I have tried textread, fscanf and a few other matlab commands, but the result is that they all read each row in decimal format and create a 840946x1 array. I want to create a 840946x125 matrix to compute a column wise sum.
You can use textread to do it. Just read strings and later process them with sscanf, one digit at a time
A = textread('data.txt', '%s');
ncols = size(A, 1);
nrows = size(A{1}, 2);
A = reshape(sscanf([A{:}], '%1d'), nrows, ncols);
Note that now A is transposed, i.e. you have 125 rows.

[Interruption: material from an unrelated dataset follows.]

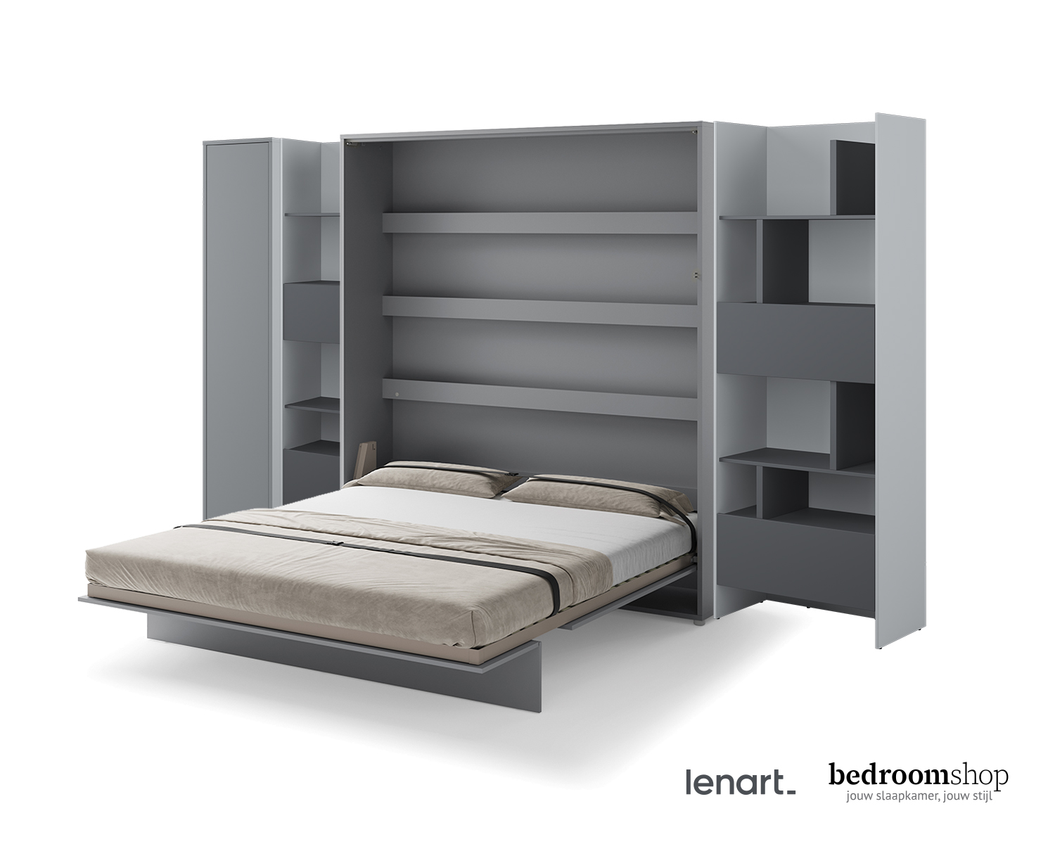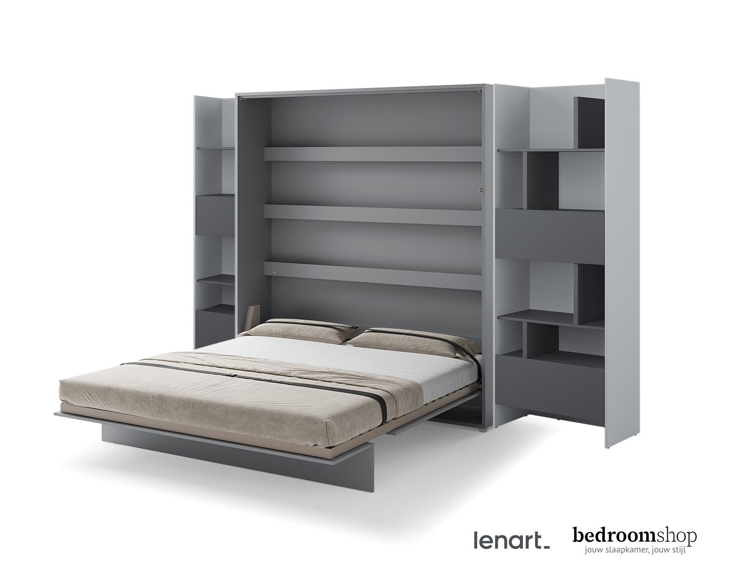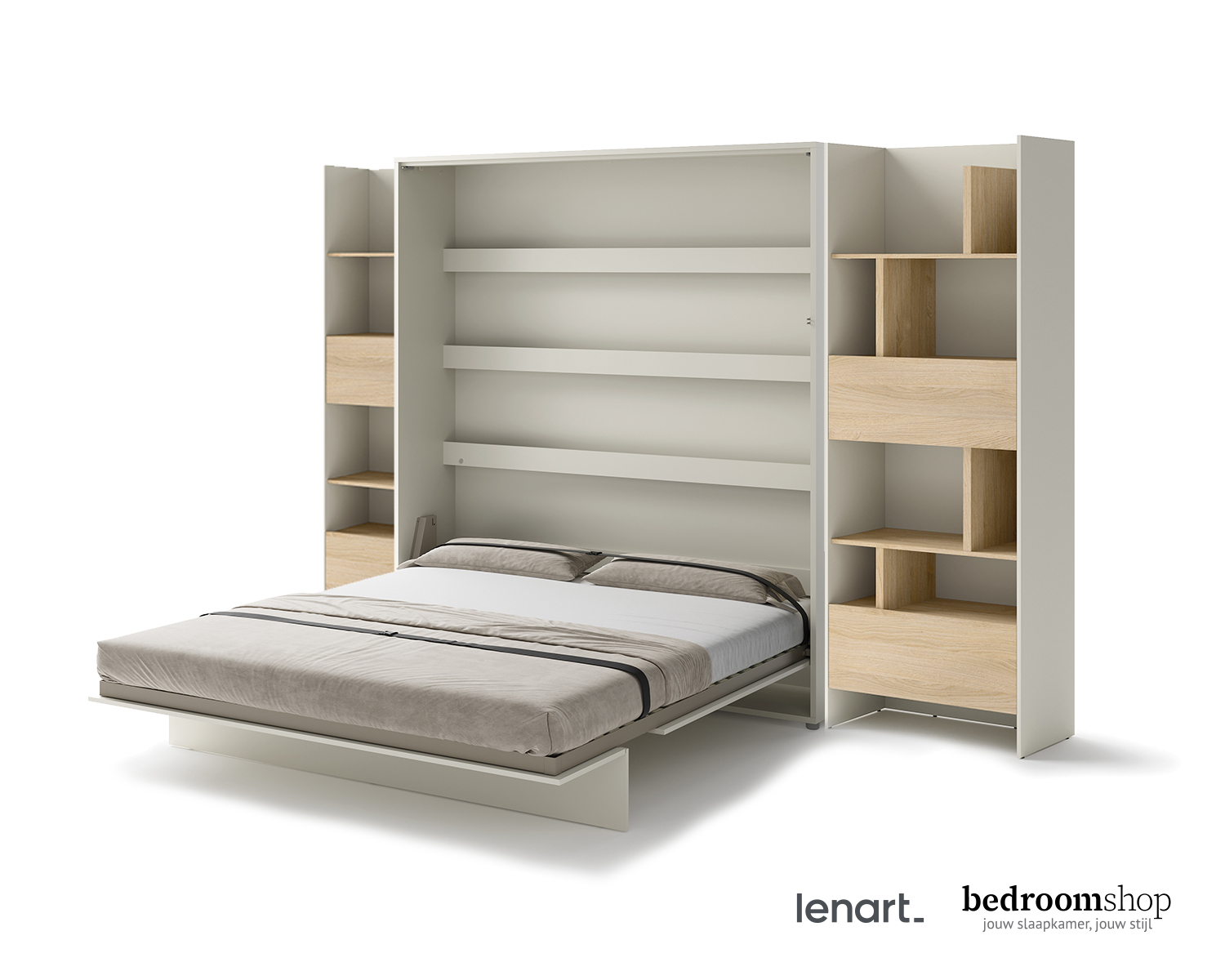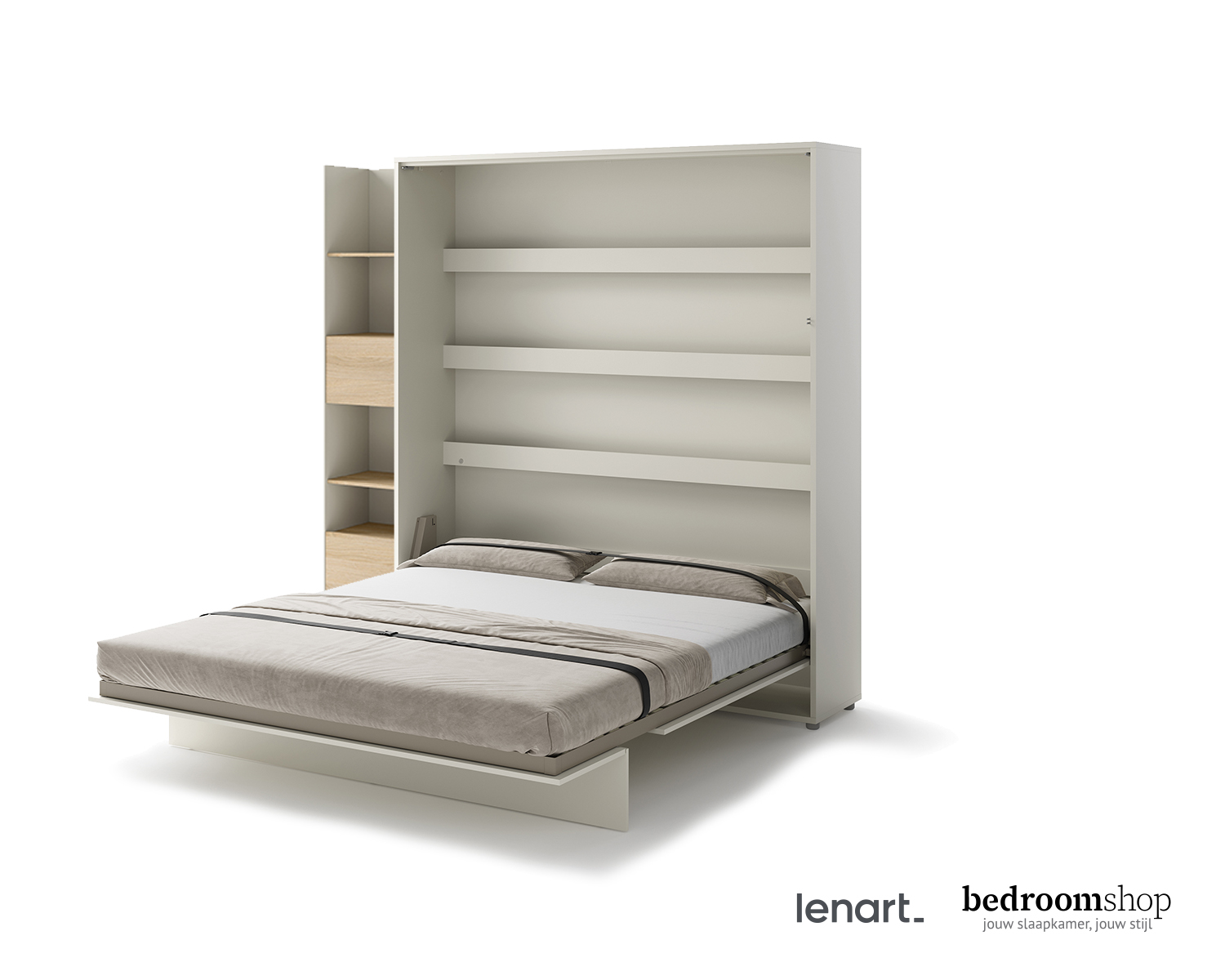 Opklapbed Studio is een prachtige totaaloplossing voor jouw appartement of studio. Creeer in een handomdraai een comfortabele slaapomgeving en overdag weer ruimte voor visite, feestjes en leefruimte. Opklapbed Studio is verkrijgbaar in 4 verschillende kleuropstellingen en inrichtingen. Van een standaard opklapbed tot een prachtige Excellence inrichting met een smalle en brede boekenkast en een 1-deurskast met legplanken.

The column-wise sum is then computed simply by
colsum = sum(A);
Here's a slightly hack-ish approach:
A = textread('data.txt', '%s');
colsum = sum(cat(1,A{:})-'0')
Breakdown:
textread will read each line of 0's and 1's as a single string. A will therefore be a cell-string, with each element equal to a string of length 125.
cat(1,A{:}) will concatenate the cell string into a "normal" Matlab character array of size 840946-by-125.
Subtracting the ASCII-value '0' from any character array consisting of 0's and 1's will return their numeric representation. For example, 'a'-0 = 97, the ASCII-value for lower-case 'a'.
sum will finally sum over the columns of this array.